__Work item__. Look below for the line containing "Kalamkari Fabric 49" and the line containing "すみれ組も初めてのお店屋さんごっこ、がんばりました!!", then set down both and every line between them exactly, without pictures.

__Available data__.

****************************************

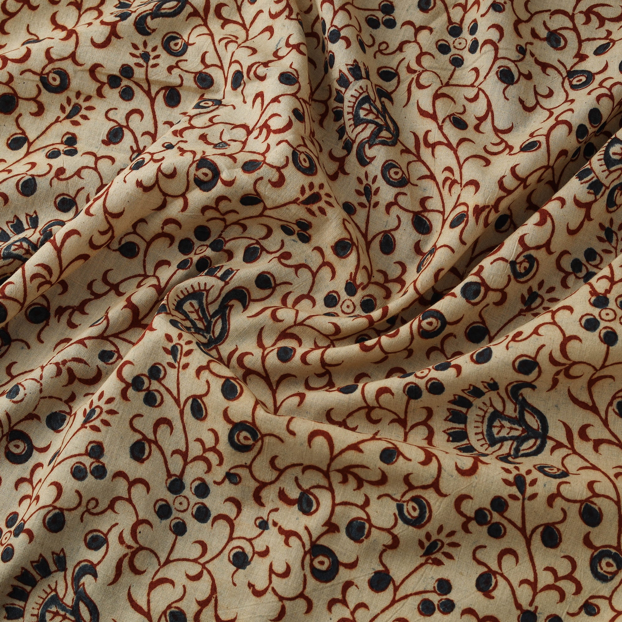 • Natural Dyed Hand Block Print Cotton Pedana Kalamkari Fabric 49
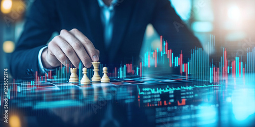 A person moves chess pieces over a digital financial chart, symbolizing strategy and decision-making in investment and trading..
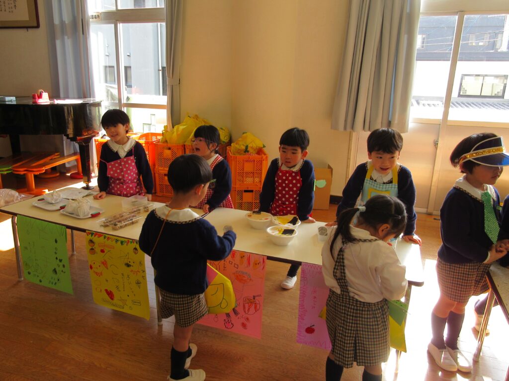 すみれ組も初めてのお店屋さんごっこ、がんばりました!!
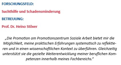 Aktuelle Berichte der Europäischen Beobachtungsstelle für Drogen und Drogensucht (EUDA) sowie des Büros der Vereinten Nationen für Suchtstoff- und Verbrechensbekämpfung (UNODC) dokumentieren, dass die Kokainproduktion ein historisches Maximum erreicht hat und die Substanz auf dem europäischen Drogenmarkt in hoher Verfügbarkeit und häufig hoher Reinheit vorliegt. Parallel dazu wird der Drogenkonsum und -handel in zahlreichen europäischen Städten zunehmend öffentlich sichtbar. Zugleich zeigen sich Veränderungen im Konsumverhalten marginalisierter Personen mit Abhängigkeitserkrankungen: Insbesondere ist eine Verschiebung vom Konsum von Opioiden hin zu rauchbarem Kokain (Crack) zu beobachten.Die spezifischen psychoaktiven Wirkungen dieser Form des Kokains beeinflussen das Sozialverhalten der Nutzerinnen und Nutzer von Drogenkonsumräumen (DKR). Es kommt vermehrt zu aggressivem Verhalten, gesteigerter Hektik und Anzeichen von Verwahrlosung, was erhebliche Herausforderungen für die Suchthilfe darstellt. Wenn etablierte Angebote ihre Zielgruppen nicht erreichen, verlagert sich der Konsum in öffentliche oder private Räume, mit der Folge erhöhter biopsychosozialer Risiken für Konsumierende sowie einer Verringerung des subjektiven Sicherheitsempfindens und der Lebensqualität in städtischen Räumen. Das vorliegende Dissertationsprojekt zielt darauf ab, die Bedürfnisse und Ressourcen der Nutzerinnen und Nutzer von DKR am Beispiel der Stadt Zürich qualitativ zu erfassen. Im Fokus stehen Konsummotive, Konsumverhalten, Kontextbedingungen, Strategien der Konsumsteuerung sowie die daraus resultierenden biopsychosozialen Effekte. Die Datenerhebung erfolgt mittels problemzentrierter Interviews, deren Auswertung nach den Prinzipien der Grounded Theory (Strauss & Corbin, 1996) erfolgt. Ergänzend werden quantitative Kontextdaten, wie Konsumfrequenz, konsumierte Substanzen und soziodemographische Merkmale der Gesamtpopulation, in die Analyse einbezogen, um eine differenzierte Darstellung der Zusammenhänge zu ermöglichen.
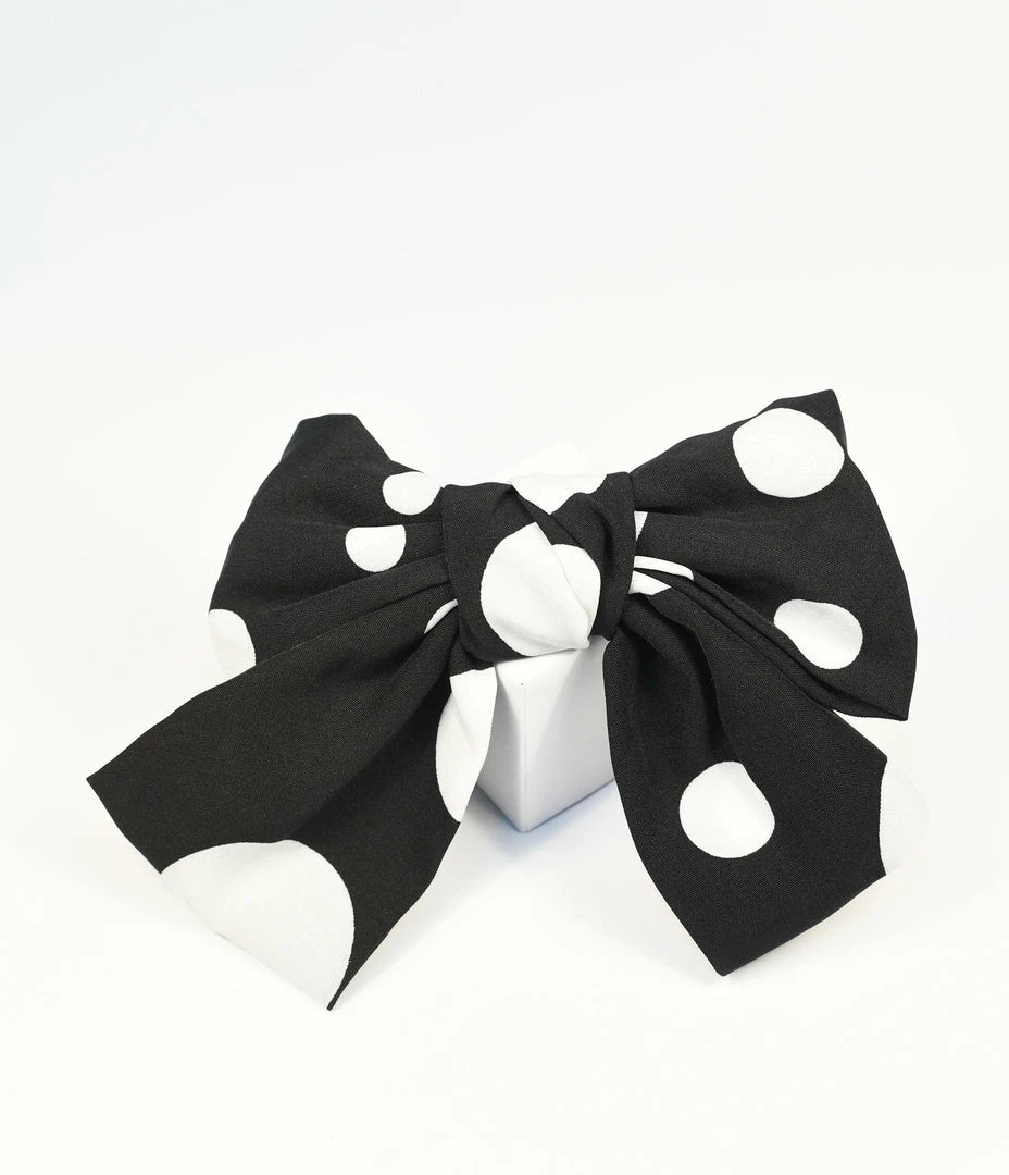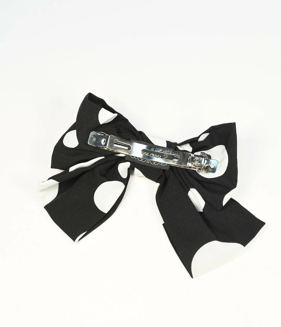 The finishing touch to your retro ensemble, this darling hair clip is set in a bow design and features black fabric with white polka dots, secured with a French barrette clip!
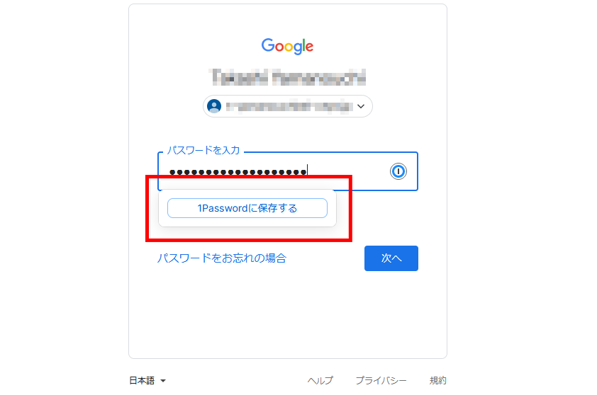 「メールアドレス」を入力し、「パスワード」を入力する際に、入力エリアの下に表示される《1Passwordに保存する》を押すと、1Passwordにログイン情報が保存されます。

****************************************

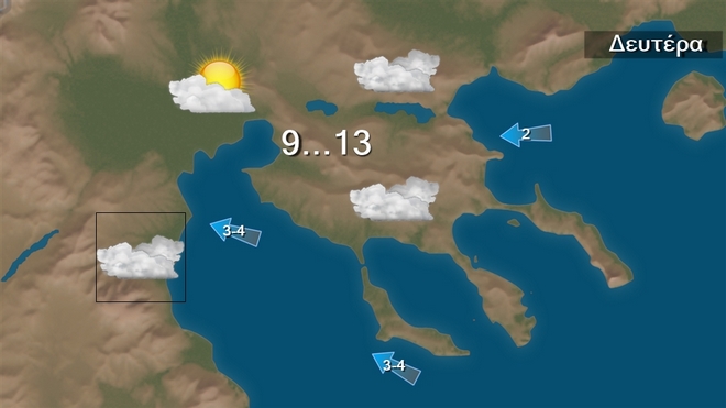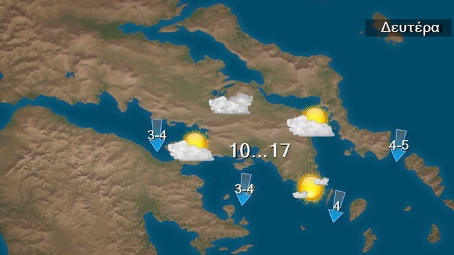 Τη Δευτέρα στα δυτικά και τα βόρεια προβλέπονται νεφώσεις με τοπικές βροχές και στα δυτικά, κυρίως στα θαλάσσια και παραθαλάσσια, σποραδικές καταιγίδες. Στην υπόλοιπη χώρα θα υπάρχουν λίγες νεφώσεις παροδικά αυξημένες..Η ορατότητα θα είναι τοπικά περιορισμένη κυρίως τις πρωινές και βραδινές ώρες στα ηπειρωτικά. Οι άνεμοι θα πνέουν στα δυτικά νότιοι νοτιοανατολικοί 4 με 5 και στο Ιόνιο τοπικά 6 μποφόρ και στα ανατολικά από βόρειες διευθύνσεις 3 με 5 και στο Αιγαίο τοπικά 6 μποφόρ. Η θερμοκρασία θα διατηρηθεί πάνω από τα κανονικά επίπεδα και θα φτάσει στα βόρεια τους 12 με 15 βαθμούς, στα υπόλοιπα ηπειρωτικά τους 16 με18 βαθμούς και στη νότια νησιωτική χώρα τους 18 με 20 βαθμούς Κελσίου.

****************************************

__Expected answer__.
 • Natural Dyed Hand Block Print Cotton Pedana Kalamkari Fabric 49
 A person moves chess pieces over a digital financial chart, symbolizing strategy and decision-making in investment and trading..
 すみれ組も初めてのお店屋さんごっこ、がんばりました!!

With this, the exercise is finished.